I have a view that collects data from several tables. While there are no indexes on the view itself anything that uses the view seems to benefit from the underlying tables having indexes. Are these being used automatically? If they are then what is the point of creating indexes on your views? Any recommended articles on this subject would be welcomed.
Indexes can only be created on views which have the same owner as the referenced table or tables. This is also called an intact ownership-chain between the view and the table(s). Typically, when table and view reside within the same schema, the same schema-owner applies to all objects within the schema.

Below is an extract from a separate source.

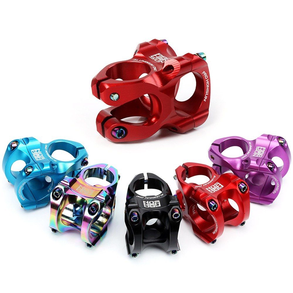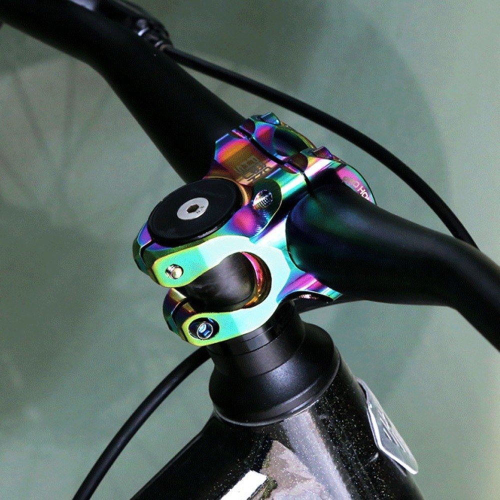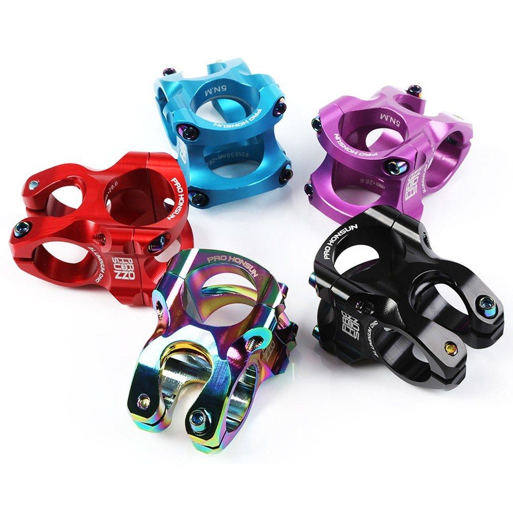 The bike stem is made of aluminum alloy, lightweight and super strong. It is suitable for 31.8mm handlebar diameter and 28.6mm steer tube diamter. It is very easy to install.
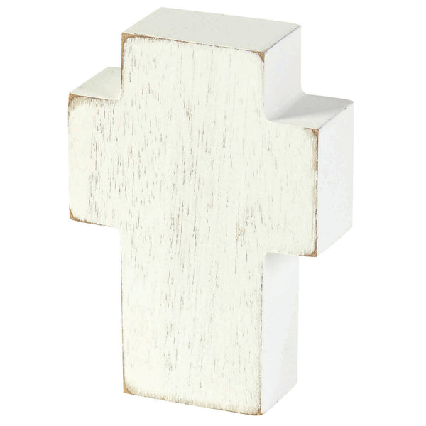 A comforting small gift in times of bereavement is this tabletop cross with the poem Angel's Wings: On angel's wings our loved one flies with graceful speed to heaven's skies. To God's embrace and words "Well Done. Welcome home my faithful one." Includes a lovely angel wing design. Sides and back have white wash tone with vintage distressed edges. Size is 2 3/4" x 4" x 1"; made of MDF wood. Poem is copyright Ron Tranmer.

Indexed views improve the performance of queries that use joins and aggregations in processing huge amount of data and are executed very frequently. The environments that are best suited to indexed views are data warehouses and the Online Analytical Processing (OLAP) databases.
The indexes on the base table are still used whenever you access the view. You don't need to use an indexed view, unless the view contains an expensive logic (aggregations or joins) that you don't want to perform each time you query the view.
Oracle SQL standards do not support creating indexes on views. If you need to index documents whose contents are in different tables, you can create a data storage preference using the USER_DATASTORE object.
Yes, the underlying table indexes are used automatically - a view just pulls the data from the underlying tables after all.
With regards to the benefits of creating indexes on a view, see this MS Technet article. Small excerpt:
Using indexes to improve query performance is not a new concept; however, indexed views provide additional performance benefits that cannot be achieved using standard indexes. Indexed views can increase query performance in the following ways:
- Aggregations can be precomputed and stored in the index to minimize expensive computations during query execution.
- Tables can be prejoined and the resulting data set stored.
- Combinations of joins or aggregations can be stored.
The query optimizer rewrites the query and "flattens" the use of sub-queries (which a view really is). So underlying indexes will be used.